Thursday, January 3, 2008

CPF Updates - Floating Rate For Special Account

CPF Special Account As Part Of Retirement Planning

I kept telling friends and colleagues to make full use of the CPF Special Account (SA) for retirement planning. The special account gives 4% fixed rate which when compounded annually, it can snowball to a very big sum by the time you retire. With effect from 1 Jan 2008, there are some changes to the CPF rates.

1) The Special Account, Medisave Account and Retirement Account (SMRA) will be pegged to the 12-month average yield of the 10-year Singapore Government Security (10YSGS) plus 1%. Singapore Government Security is the Singapore Government issued bonds which I had covered quite a fair bit last year. The average yield of the 10YSGS over one year, from 1 December 2006 to 30 November 2007, plus 1% works out to be 3.9%.

To help CPF members adjust to the floating SMRA rate, the Government will maintain the 4% floor rate for two years if the 10YSGS yield plus 1% is below 4%. After two years, the 2.5% floor rate will apply for all CPF accounts. Computation illustration:

SMRA interest rates for January to March 2008
Average yield of 10-Year SGS from Dec 06 to Nov 07 --- 2.90%
Plus 1% ------------------------------------------------------------------- 1.00%
Computed SMRA Interest Rate for Jan 08 to Mar 08 ----- 3.90%
SMRA Interest Rate (Jan 08 to Mar 08) - floor -------------- 4.00%

2) An additional 1% interest will be paid on the first $60,000 of a member’s combined balances, with up to $20,000 from the Ordinary Account (OA). The additional interest received on the OA will go into the member’s Special or Retirement Account to enhance his retirement savings.

Therefore, we stand to gain on our OA (3.5%) but only up to $20,000. Not much of an impact but “no fish prawns also good”. As for the SMRA, you get to enjoy 5% rate for maximum of $60,000 (if you have $0 in your OA) since government maintained 4% floor rate for two years.
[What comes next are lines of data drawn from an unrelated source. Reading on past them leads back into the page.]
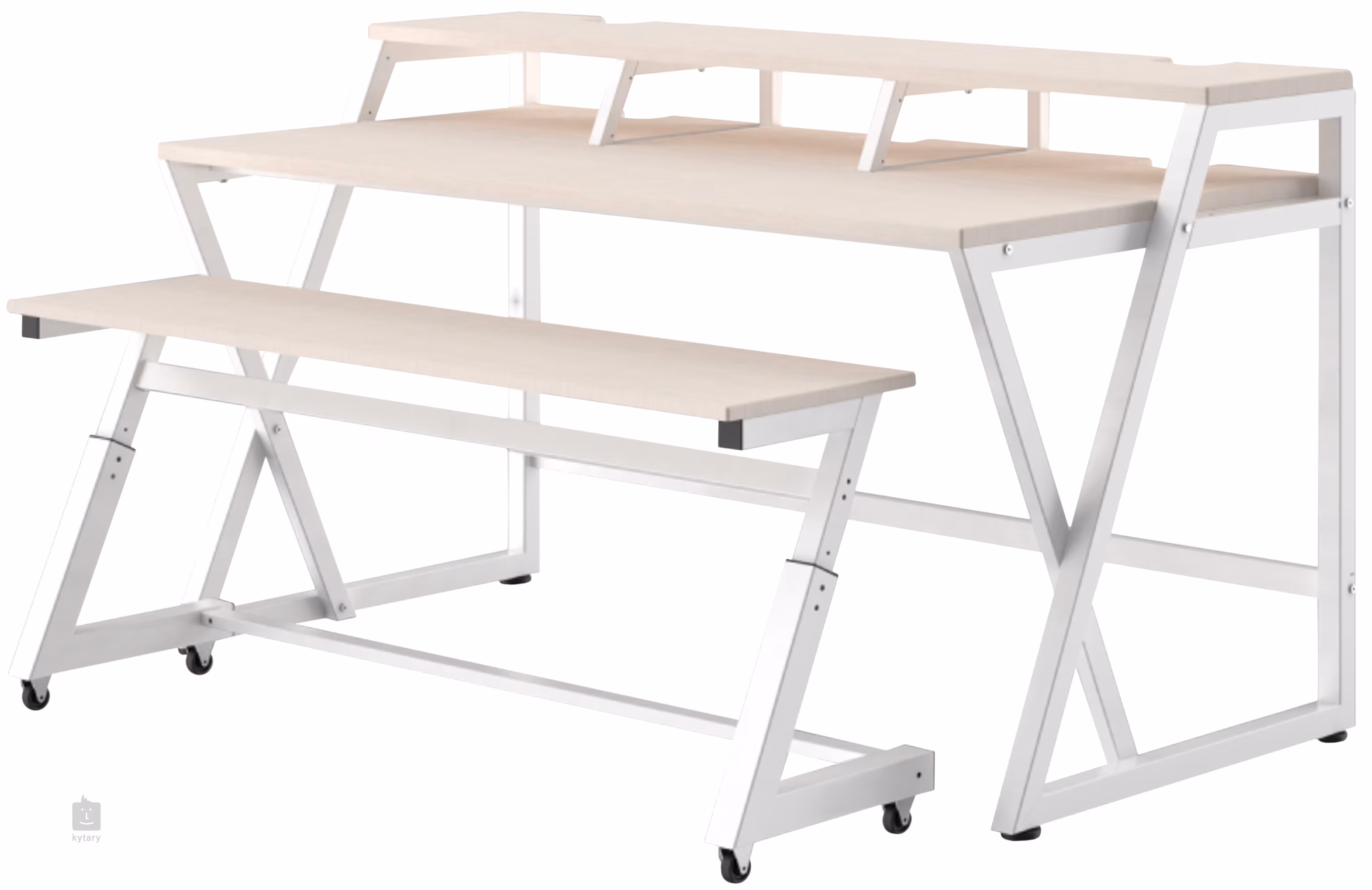Górna półka zapewni wystarczająco dużo miejsca na duży monitor LCD i parę monitorów odsłuchowych, które będą stanowić idealny sweet spot dzięki podstawie na wysokości 90 cm nad ziemią. Środkowa sekcja, z 3 pozycjami 3U, jest przeznaczona na najważniejszy sprzęt rack, a w środkowej sekcji rack można zainstalować dołączony drewniany wypełniacz, aby rozszerzyć możliwości przechowywania innego sprzętu zamiast pozycji rack. Masywna płyta główna o długości 146 cm jest zamocowana na wysokości 75 cm, podczas gdy wysuwany stolik na kółkach, odpowiedni nawet dla najszerszych instrumentów klawiszowych o szerokości do 135 cm, ma regulowaną wysokość od 51,5 do 61,25 cm.
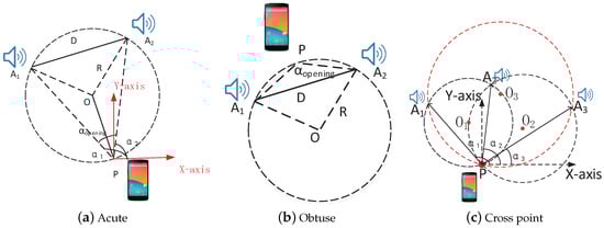In Figure 8a, there are two acoustic sources, and , and their corresponding directions relative to mobile phone P (with unknown coordinate ) are and . By computing the distance and the opening angle , we can infer that P locates on a fixed circle, whose radius (R) can be calculated with the distance D and the opening angle . Then, as and are known, we get two possible results for circumcenter O. If is an acute angle, the circumcenter O and P are on the same side of as shown in Figure 8a. Otherwise, they are on the opposite side, as shown in Figure 8b.
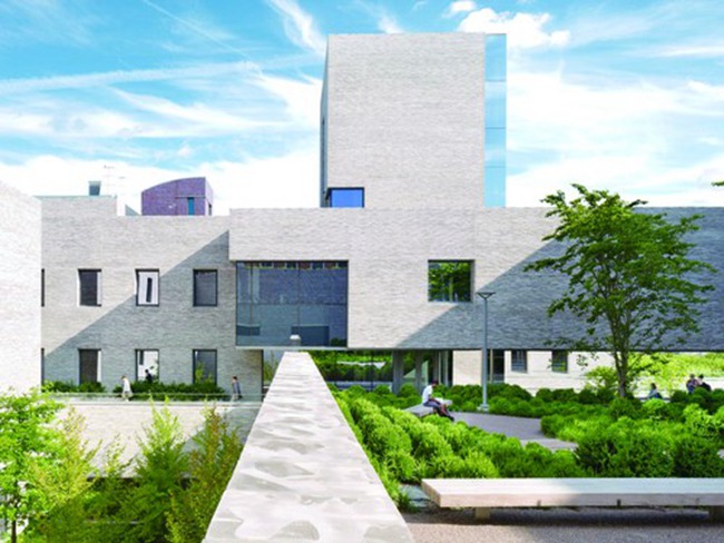 2016年竣工的普林斯顿大学安德林格能源与环境中心,不仅是全面体现TWBTA设计哲学的又一佳作,还是满足美国绿色建筑委员会能源和环境设计标准的绿色建筑。该中心由几个建筑物组合而成,但实际上是一个连续结构,如同冰山一样,超过60%的建筑低于路面。尽管大部分建筑在地下,但大多数建筑空间弥漫着来自下沉庭院和天窗的充足自然光线,让设计处处结合自然。在建筑材料运用方面,安德林格能源与环境中心也独具匠心。为了降低庭院喷砂混凝土挡土墙的粗糙感,他们使用了一种名为Kolumba的浅灰色长条形砖作为建筑外立面。室内的墙面装饰材料,特别是长廊,则运用了一种人造的毛毡墙面材料,有助于软化实验室带给人的冷冰冰的心理感受,让人们体会到一种亲密的社区意识。

“So what happen two years later?”

This is really hard to quantify and predict. Even though government giving out 1% extra for OA and SMRA, it is only limited to $60,000 combine balances. While there is a very small gain on the OA, SMRA will be hard to forecast. It all depends on the 12-month average yield of 10YSGS. The actual result very much depends on the economic performance. It is difficult to use a financial calculator to project our retirement amount now because it is no longer fixed. Take a look on the following annual yield of 10YSGS since 1998.

1998 - 4.48%
1999 - 4.56%
2000 - 4.09%
2001 - 3.97%
2002 - 2.55%
2003 - 3.75%
2004 - 2.58%
2005 - 3.21%
2006 - 3.05%
2007 - 2.68%

From the above data, the yield fluctuates, of course. However, the yield has been quite good for most of the years except for 2002, 2004 and 2007. If we get this kind of yields again, we are actually better off 70% of the time (when you add another 1% to the yield) compare to what we are getting currently. Of course, history is not a guarantee of future performance.